▶ _ACTION ITEM_
Identify the line with "Two-piece set includes"; copy word for word that line and every one after it, to the end of the listing. Exclude pictures.

******

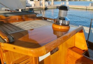 Since 2014, we have been entrusted with maintaining the varnish on this beautiful Morris 34. Even among a dock lined with exceptional boats, she really stands out. Each year, all exterior brightwork is carefully taped off, sanded, and finished with four maintenance…
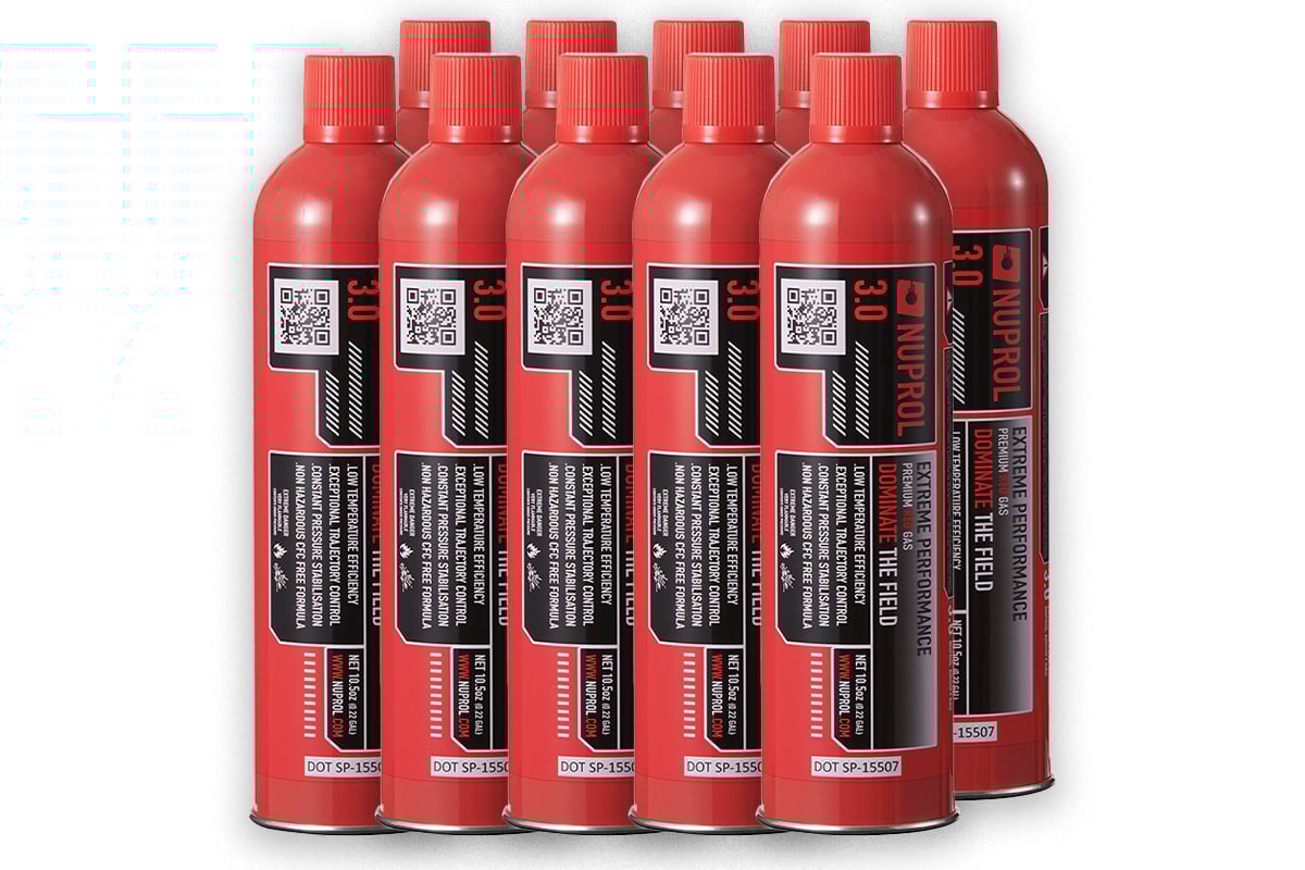 Green Gas is the required fuel source for all airsoft gas pistols, gas rifles, and gas sub machine guns. It serves two purposes; to act as a propellant for the BB, and to fuel the blow back system. This can of Nuprol 3.0 High Performance Gas or colloquially known as "Red Gas" is essentially Green Gas' Giga-Chad cousin! The 3.0 Gas was intended for use in slightly colder environments, but when used in warmer climates, the user can expect a harder kick and bump in FPS!
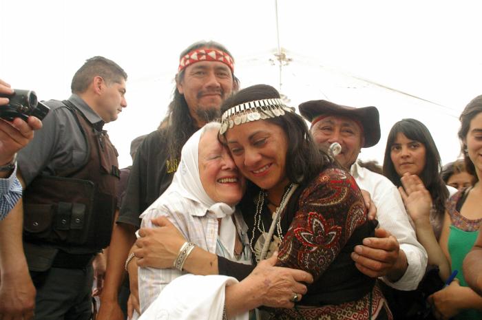 Relmu Ñamku se abraza con la Madre de Plaza de Mayo Nora Cortiñas al terminar el juicio / Marcelo Mercado, Río Negro
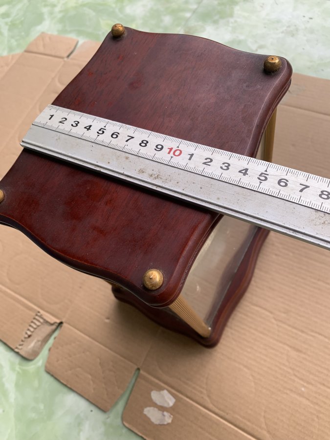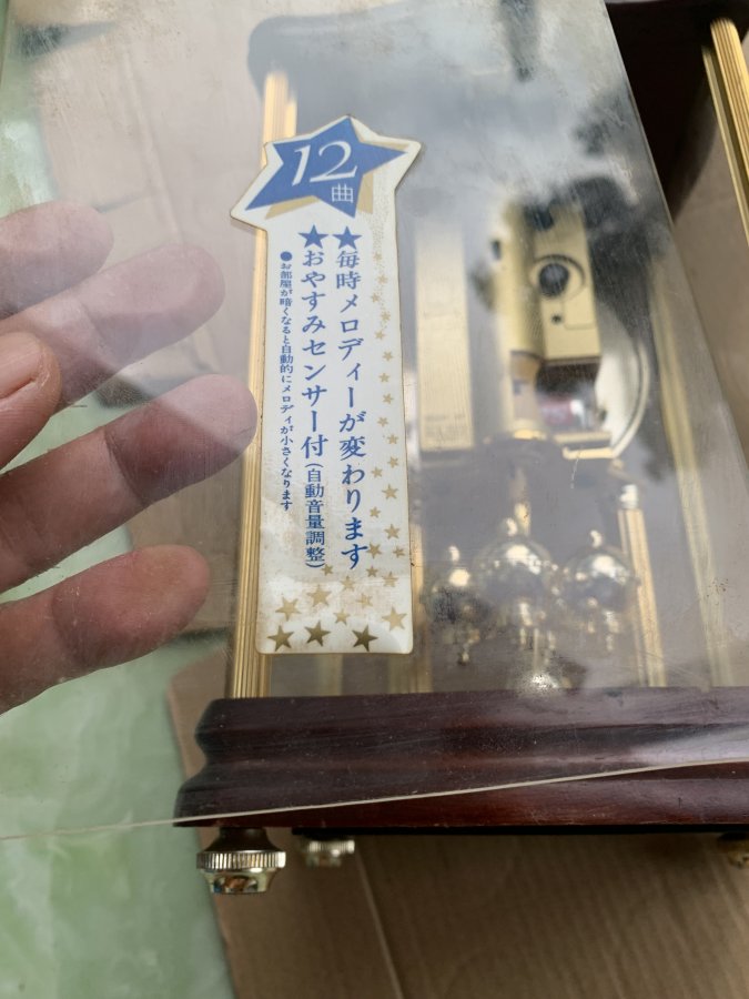 Sản phẩm sản xuất tại Nhật, chưa vệ sinh, còn lành nguyên hoạt động tốt, đáy và nắp bằng gỗ, 3 bên bằng kính, nắp lưng bằng mica. Đồng hồ có nhạc chuông đơn âm với 12 bản nhạc thay đổi theo mỗi giờ có thể điều chỉnh volume, tự động nhỏ tiếng khi ánh sáng yếu nhờ cảm biến quang học trước mặt đồng hồ. Nó sử dụng 1 pin trung. Sản phẩm không kèm pin. Cám ơn đã xem tin.
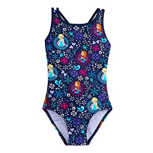 Two-piece set includes swimsuit and rash guard; Allover Elsa and Anna pattern on one-piece swimsuit
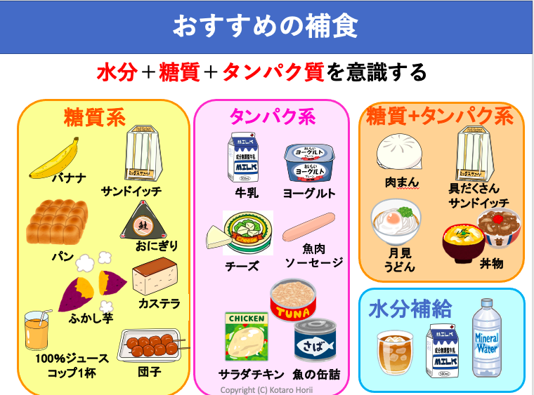 *基本的には、エネルギー源を確保できる糖質を中心とした補食がおすすめです。
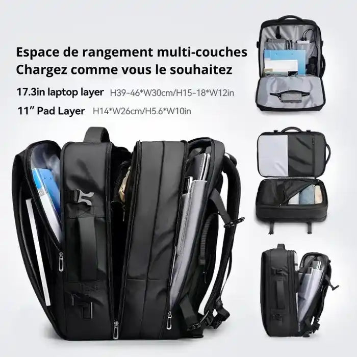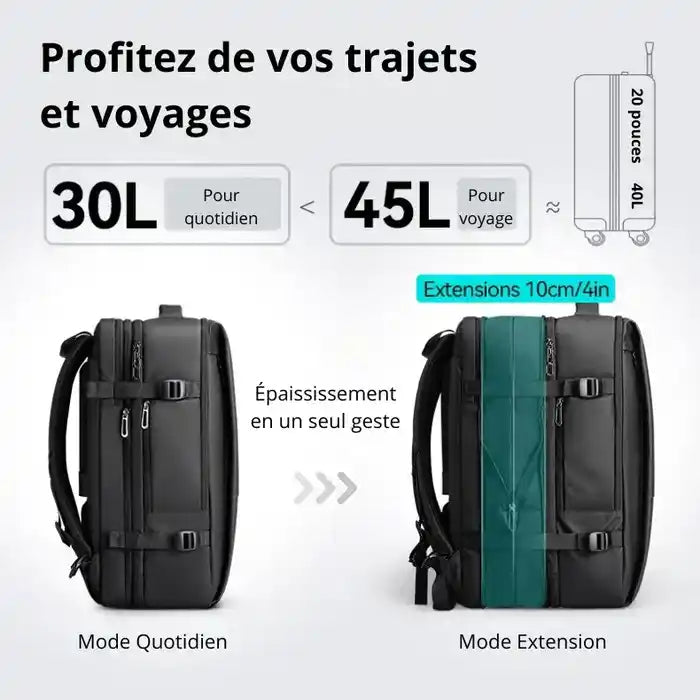 Emporte plus sans compromis grâce au sac a dos extensible bien organisé

******

▶ _RESPONSE FOR THIS EXERCISE_
 Two-piece set includes swimsuit and rash guard; Allover Elsa and Anna pattern on one-piece swimsuit
 *基本的には、エネルギー源を確保できる糖質を中心とした補食がおすすめです。
 Emporte plus sans compromis grâce au sac a dos extensible bien organisé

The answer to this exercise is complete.